Now, when a function accepts another function as its argument, or it yields another function as its return value – or both – it is said to be a higher-order function. We actually already saw an example in the previous article, if you recall the Sieve of Eratosthenes exercise, which had this function in it:

private Predicate<Integer> notInNonPrimesUpTo(int limit) {
    var sieve = new HashSet<Integer>();
    for (var n = 2; n <= (limit / 2); n++)
        for (var nonPrime = (n * 2); nonPrime <= limit; nonPrime += n)
            sieve.add(nonPrime);
    return candidate -> !sieve.contains(candidate);
}

That function is returning a Predicate. A predicate is a function that yields a boolean value. This means that notInNonPrimesUpTo is a higher-order function: it builds the sieve and yields a function that tests whether a number is within the sieve or not.

We’ve seen other examples too. Do you remember map from part three? It takes a function and applies it to all the elements in an array, yielding another array. map is a higher-order function. So is filter because it takes a predicate, tests it on every element of an array, and uses the result of the predicate to decide whether to keep the element or discard it. qsort is a higher-order function too, because it takes a comparator function and uses it to determine the order of any two elements in the array, without knowing the types of the elements. So the previous article was full of higher-order functions, and you shouldn’t be intimidated by the term. It does not mean anything rarified or exalted. You are almost certainly using some kind of higher-order functions regularly in your work. In fact, first-class functions are useless without higher-order functions to pass them into or return them from.

Function composition.

You’ll hear about this a lot in the functional programming world. To compose two functions means to arrange them so that the result of one function is applied directly as the input of the other function. Your code is probably full of examples of this, but if the code is not structured so as to highlight this fact then you may not always notice. Functional programmers are always alert to notice when functions are arranged this way, because it allows the possibility of certain programming structures, which we will come to shortly. Programmers steeped in the functional style often find it useful to consider two composed functions as a third function in its own right. Let me explain what I mean by that.

Say you have a function f that takes a value x as its argument and returns a value y :

f ( x ) = y

and you have another function g that takes y as its argument and returns z :

g ( y ) = z

clearly, then, you can apply g to the output of f like this :

g ( f ( x )) = z

This implies, therefore, that there is a third function h that maps x directly to z :

h ( x ) = z

Functional programmers would say that h is the composition of functions f and g. In Haskell this would be defined like:

h = g . f

In Haskell minimalism is prized as a virtue. In Clojure, rather more verbose, it would be defined like this:

(def h (comp f g))

Functional programming devotees tend to view function composition this way. Personally, I don’t find the practice of explicitly naming composed functions like that especially useful. In particular I don’t see any difference between the Clojure above and this:

(defn h [arg] (g (f arg)))

other than that the first example is slightly more concise. FP devotees like to wax lyrical about the power of function composition, while my own outlook is rather more prosaic.

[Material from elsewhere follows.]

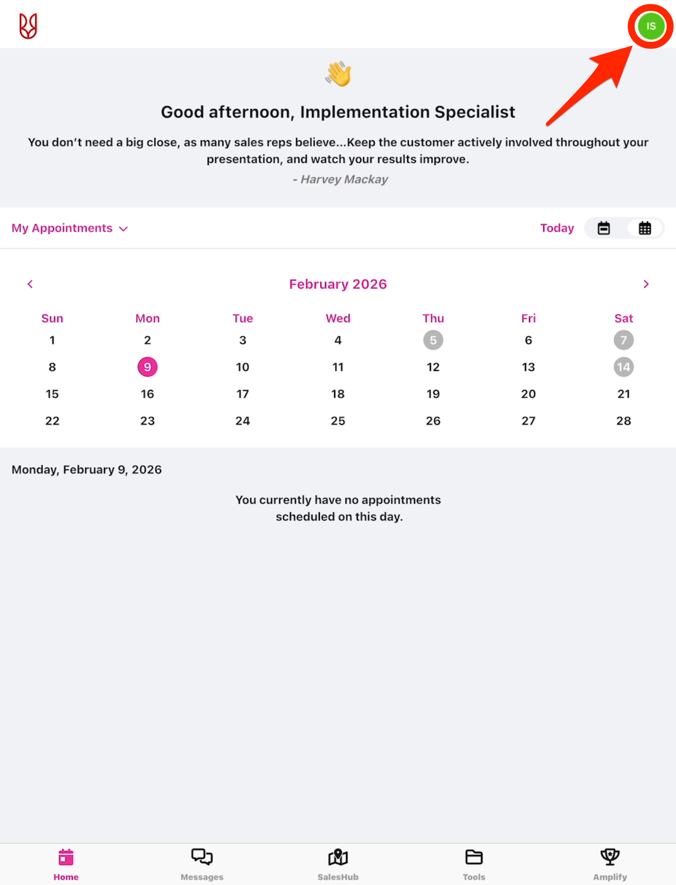 - The SalesHub is where users will spend most of their time in the mobile app.

Function composition as plumbing.

The idea of composing functions together is not novel. In 1964, Doug McIlroy wrote this in a memo:

We should have some ways of coupling programs like garden hose — screw in another segment when it becomes necessary to massage data in another way.

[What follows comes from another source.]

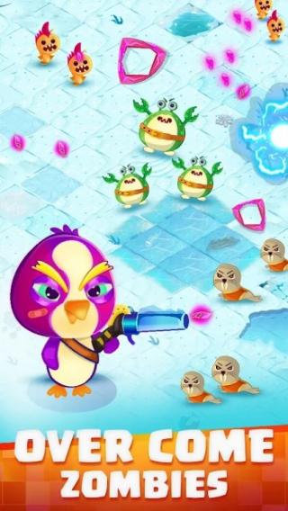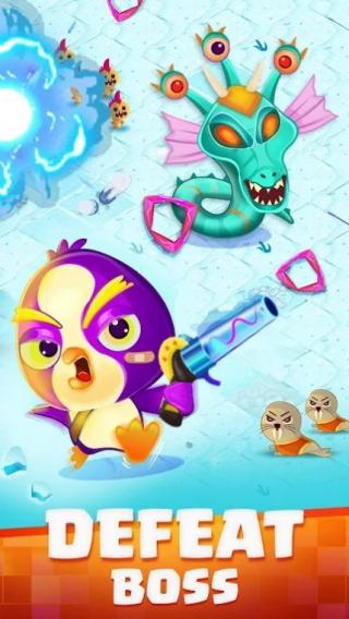 2、显示玩家操控角色在冰雪场景战斗,提示文字“你会自动攻击来袭敌人”,界面有时间、等级等信息,还有可爱的角色与敌人形象。

The idea Doug was getting at was later realised in Unix as pipes, probably the single feature that makes Unix shell scripting so powerful. Unix pipes are a system of inter-process communication; they can be created and used directly by processes via system calls, but they can also be created in the shell by using the | symbol, like this:

program1 | program2

The effect is to create a pipe that reads everything written to standard output by program1 and feeds it verbatim to program2 via its standard input. This means that you can chain programs together like building blocks to accomplish tasks that none of the programs can do by themselves. For example, if I wanted to find the top 3 largest Java programs in a directory by lines of code, I could do this:

wc -l *.java | grep \.java | sort -nr | head -n 3
        82 Book.java
        43 Isbn.java
        38 Genre.java

McIlroy put it this way:

This is the Unix philosophy: Write programs that do one thing and do it well. Write programs to work together.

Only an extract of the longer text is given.